Hello there. I just wanted to say thanks for stopping by my blog and thanks for the encouraging words about taking on the canon.
ReplyDeleteI was excited to see what you're doing over here at Wuthering Expectations, and I plan to stop by and read often. There's a much bigger classic literature community out here than I first realized!
I like your positive attitude. I somehow had assumed there would be a lot more non-academic semi-specialists. Anyone know a Renaissance/ early modern litblog, one that isn't entirely about conference scheduling? 'Cause that's all I've found.
ReplyDeleteI should have thought to mention Robert Walser before - have you read him? Definitely a Swiss fellow not to be missed. Jacob von Gunten is a twisty, forlorn tale. And if you're interested in more folkloric stuff, Ramuz might be someone you'd enjoy. He was big on exploring the idea of the noble peasant, romanticizing nature and common people.
ReplyDeleteI will have a look for Gotthelf.

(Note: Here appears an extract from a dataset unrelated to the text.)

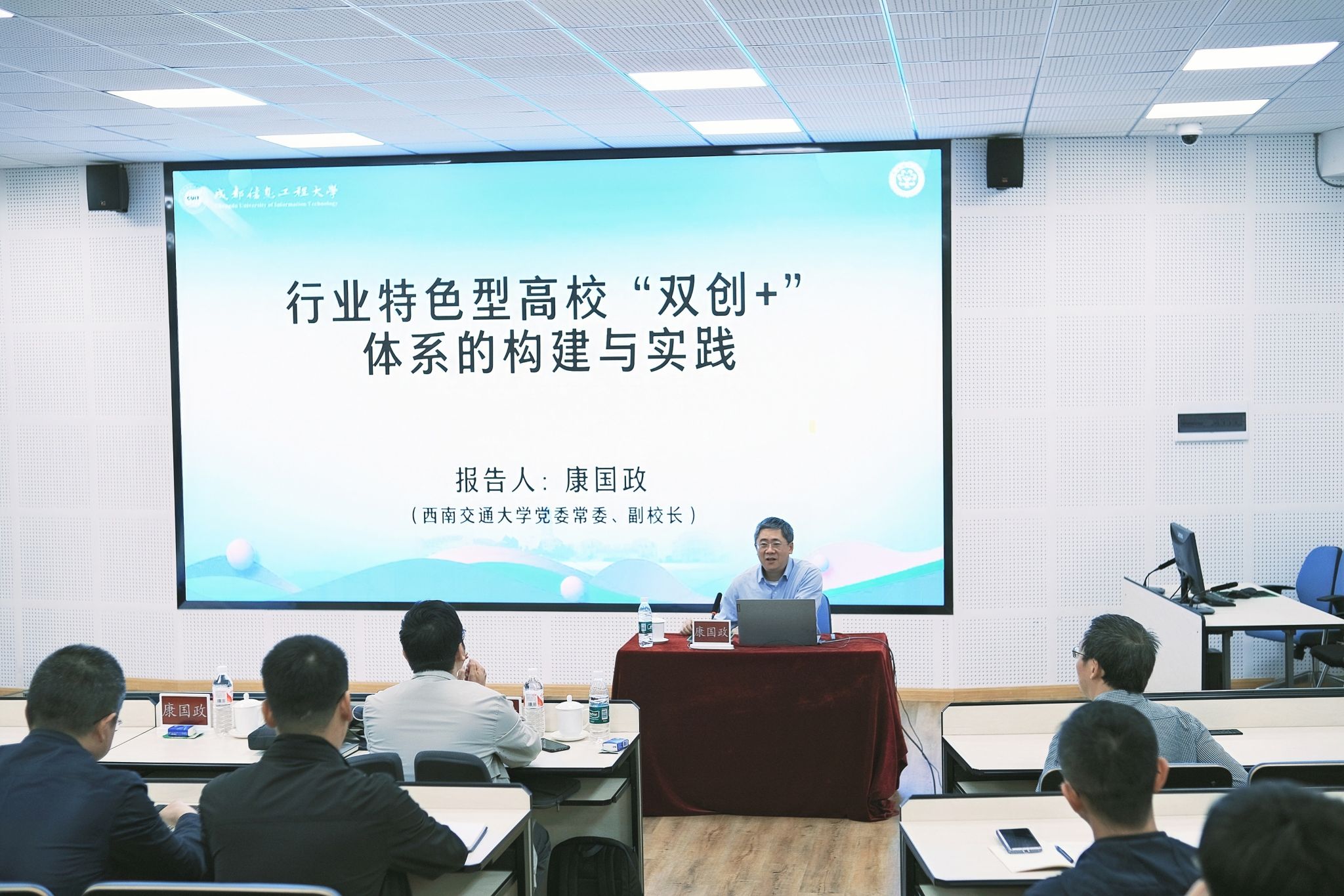 陈权亮在致辞中代表学校向康国政表示衷心感谢。他表示,西南交通大学作为国家首批“双一流”“211工程”“985工程优势学科创新平台”“2011协同创新计划”重点建设高校,在构建助推新质生产力发展的创新创业生态、打造高水平育人基地和创新人才高地等方面有丰富的实践经验值得学习借鉴。他希望参会人员通过本次讲座,学习如何构建系统化的大学生创新创业生态体系,充分发挥我校科技人才集聚地、科技创新策源地和人才培养主阵地的作用,加快培育壮大新质生产力,更好服务于国家重大战略,为推动四川高质量发展贡献力量。

I've read a single, three paragraph story by Robert Walser. He's in the Must Read category. I haven't read Ramuz, either, but I was led to his existence, as to many things, by a single reference in Sebald. For details, see here: http://sebald.wordpress.com/category/cf-ramuz/
ReplyDeleteI missed this discussion too (yet another one), but I'll now link this back to my Black Spider posts. Edwin Frank at NYRB mentioned that the version you & I read (in Three Eerie Tales) isn't complete. I plan to compare it closely to the Waidson/Calder translation to figure out what exactly was cut. It sucks that this isn't mentioned anywhere on the book.
ReplyDeleteAlso, I was in touch with someone (somewhere) who said she read The Black Spider in an anthology of 19th century Gothic stories or novellas. She couldn't remember the name of the anthology (or the translator). I plan to research it soon.
Will, I looked around for the anthology of 19-Century Gothic stories that you mentioned but didn't find it. I did find a paper that Waidson published in 1948 about Gotthelf in English ('Jeremias Gotthelf's Reception in Britain and America', Modern Language Review 43 [1948]). He mentions a translation of
ReplyDeleteBlack Spider by B. Q. Morgan, a German professor at the Univ of Wisconsin. However, Waidson says he read the manuscript of the translation. I don't think it was ever published.
Also of interest is a 1973 Penguin horror anthology edited by Peter Haining. It's called Great Tales of Terror From Europe and America and its contents are listed at http://tinyurl.com/5z7ngn
It includes Tieck's 'Bride of the Grave' and de la Motte Fouque's 'Field of Blood', as well as stories by Goethe, Schiller, E. T. A. Hoffmann, and some 19th-Century Germans whose names weren't familiar to me.
Incomplete translations? Others only in manuscript? Weird. It's like a novel. What are they hiding from us?